Now I know people will freak out, but I run stihl grey bottle at 45:1 with 93 gas and I have never had any problems.....my ms250 I bought new about 4 years ago was ran on 50:1 gray bottle until this year..... I really only switched to 45:1 this year because I got a new stihl trimmer and other new saw, and figured it wouldn't hurt.... I have taken my ms250 apart and the piston looks new still, and no carbon build up on top of piston...I also have this new Chinese engine in a ms180, and since i like limbing with it I am keeping it.... It has had 4 tanks threw it so far and the last tank I was limbing shagbark hickory, and bucking pieces up to about 8".....
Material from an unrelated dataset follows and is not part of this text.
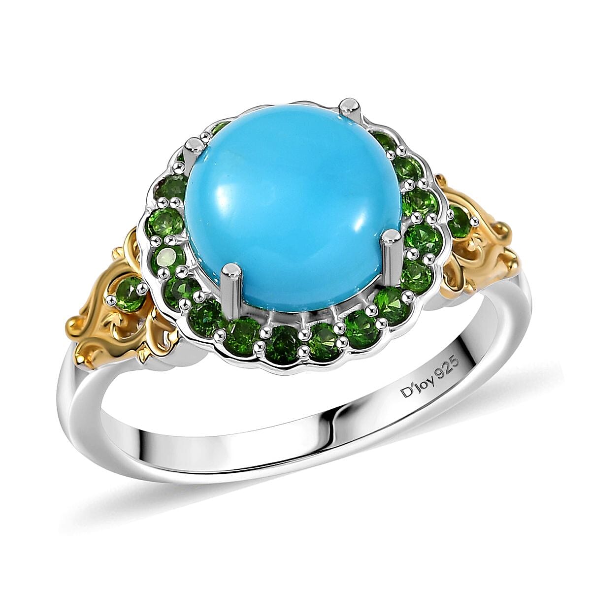 D'Joy Premium Sleeping Beauty Turquoise and Chrome Diopside 2.80 ctw Ring in 18K Vermeil YG and Rhodium Over Sterling Silver (Size 8.0)

So anyway as you said I am anxious to see how long this engine last, as it works great now.... As far as the 45:1 mix hurting the engine I don't know..... I have read MANY of the great oil debate threads.....I mean a saw can definitely have to much oil, and get carbon deposits, which in turn can break loose and cause problems....

I should add that my saws are all stock except for some muffler mods....


----------



## Khntr85 (Jun 2, 2016)

a. palmer jr. said:


> Not especially but I haven't really ran either enough to get used to them. They both have 18" bars on them so they both zip through the kind of wood we have here but I imagine I could easily put a longer bar on the 390. I've only used them one or two days and not very long at a time. Since I'm far from a full time wood cutter I will probably keep one of these for what little wood I cut anymore and probably sell the pro saws but I'm gonna do some more testing to be sure..



Ya I bet with a 20" bar you would surely tell a difference in the 390.....I have a ms362, and now I don't use my ms290 much at..... What pro saw do you have....


----------



## a. palmer jr. (Jun 2, 2016)

Khntr85 said:


> Ya I bet with a 20" bar you would surely tell a difference in the 390.....I have a ms362, and now I don't use my ms290 much at..... What pro saw do you have....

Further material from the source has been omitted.